Наконец я увидел свет и черную ленту, что сползла с моих глаз по щеке, сочась моей собственной кровью. Даже сползая, она продолжала извиваться, и я ее отодрал, а затем отодрал кровавые лохмотья со лба и головы. После чего, пошатываясь, побрел к выходу; когда я рванулся вперед и выпал из пещеры, тусклый свет сменился танцующим и угасающим пламенем – пламенем, что исчезло, точно последняя звезда творения над зияющим движущимся хаосом и забвением, в которое я провалился…
Мне сказали, что обморок длился недолго. Я пришел в себя и увидел склонившиеся надо мной загадочные лица наших марсианских проводников. Голову пронизывала боль, а полузабытые ужасы терзали мой мозг, словно тени гарпий. Я перевернулся и поглядел на вход в пещеру, от которого марсиане меня оттащили. Вход в склепы располагался под углом террасы в виду нашего лагеря.
Чудовищным образом завороженный, я всмотрелся в черную дыру и различил мельтешение теней во мраке – мерзкие твари, словно черви, извивались во тьме, но не смели выйти наружу. Несомненно, они не выносили света, эти создания запредельной ночи, обреченные веками гнить взаперти.
И тогда меня объял невыразимый ужас, признак подступающего безумия. Наряду с крепнущим отвращением и сильным, до тошноты побуждением бежать от этой пещеры со всех ног, на меня накатило противоположное желание – проделать обратный путь вглубь катакомб, как до меня поступили остальные; спуститься туда, куда, кроме них, приговоренных и проклятых, еще никто не спускался; искать, повинуясь чудовищному принуждению, нижний мир, который человек вообразить не способен. То был черный свет, безмолвный вопль из пещер моего разума: вживленный в меня зов Твари, подобный всепроникающему колдовскому яду. Он манил меня войти в подземную дверь за стеной, которую воздвигли умирающие жители Йох-Вомбиса, чтобы навеки замуровать этих адских бессмертных пиявок, этих мрачных паразитов, что продлевают свои мерзкие жизни, питаясь мозгами мертвецов. Этот зов увлекал меня во тьму, где бродят зловонные, промышляющие некромантией Сущности, для которых эти дьявольские кровососущие пиявки лишь мелкие приспешники…

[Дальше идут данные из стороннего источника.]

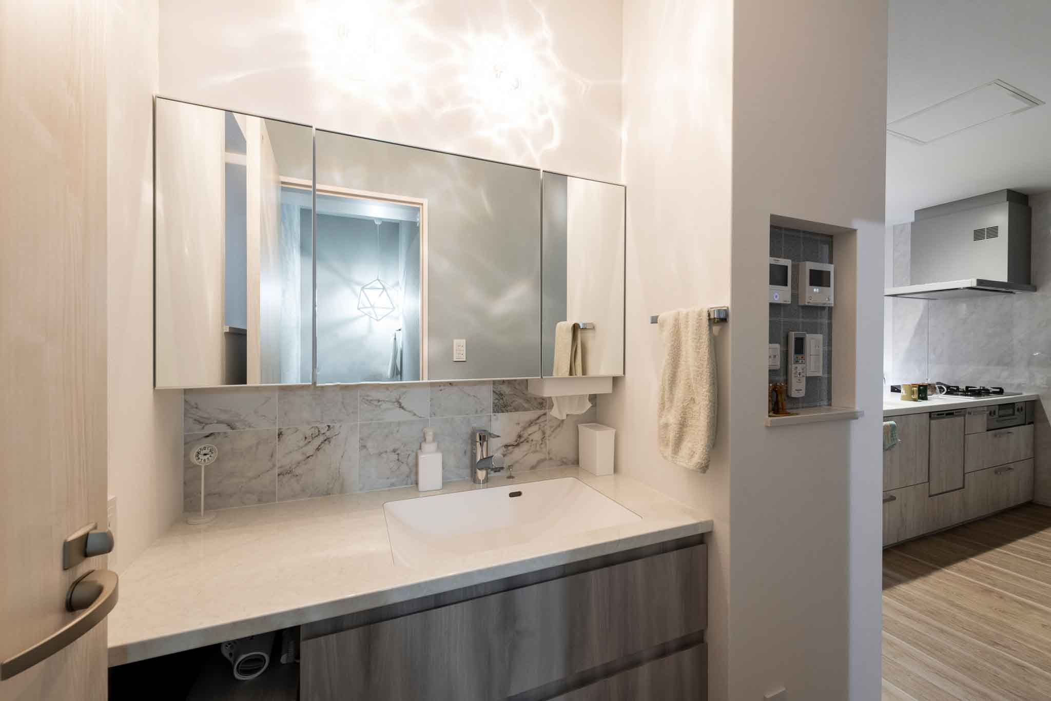 洗面コーナー:スペースの有効活用と使い勝手を考慮し、キッチンに連動する形で、奥にトイレ、洗濯室、ユーティリティ、浴室を機能的に配置しました。洗面台は二人同時に使えるワイドサイズにデザインされています。
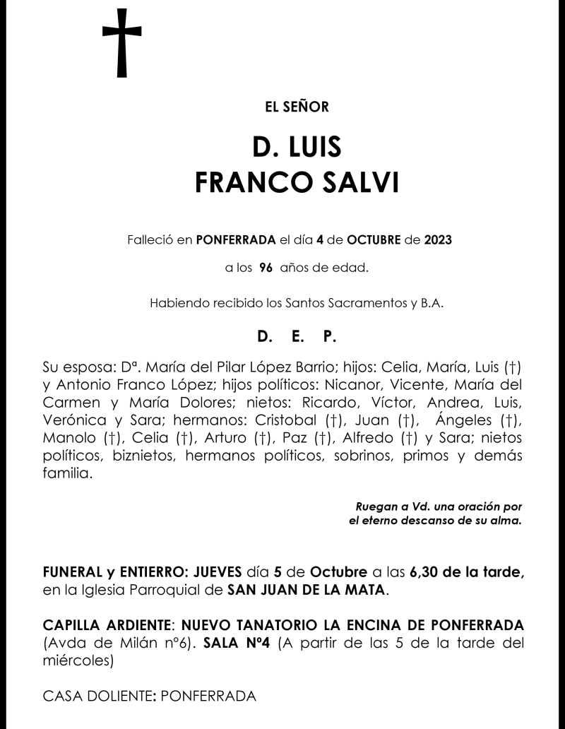 Esquelas LUIS FRANCO SALVI 05 de Octubre de 2023 Comentarios Guardar LUIS FRANCO SALVI Temas Esquelas Bierzo Esquelas Ponferrada Esquelas

Только марсианские проводники удержали меня от возвращения в склепы. Я бился до последнего, я сражался с ними, когда они хватали меня своими губчатыми руками, но я был слишком измучен невероятными событиями прошедшего дня и не смог их побороть; и я снова потерял сознание, провалившись в бездонное ничто, из которого периодически пробуждался, сознавая, что меня несут через пустыню в направлении Игнарха.
Вот моя история. Я старался ничего не упустить и не утратить связность, а это непросто для безумца… успеть все рассказать до того, как меня снова охватит помешательство, а это случится совсем скоро, это уже началось… Итак, я поведал вам свою историю… а вы все записали, правда? И теперь мне пришла пора вернуться в Йох-Вомбис, через пустыню, вниз через катакомбы к просторным склепам под ними. Что-то в моем мозгу отдает приказы и управляет мною… говорю вам, мне пора…
Вечный мир
Кристофер Чандон подошел к окну лаборатории, чтобы бросить последний взгляд на пустынный горный пейзаж, который ему, вероятно, больше никогда не доведется увидеть. Не без сожалений смотрел он на изрезанное ущелье и прошитые серебряной нитью говорливого ручейка готические тени елей, но сожаления эти не могли поколебать его решимости. За ущельем виднелся закованный в гранит склон, а дальше – ближайшие два пика Сьерра-Невады, серо-голубые, припорошенные первым осенним снегом. Седловина лежала как раз прямо по курсу: предполагаемый маршрут Чандона через пространственно-временной континуум пройдет через нее.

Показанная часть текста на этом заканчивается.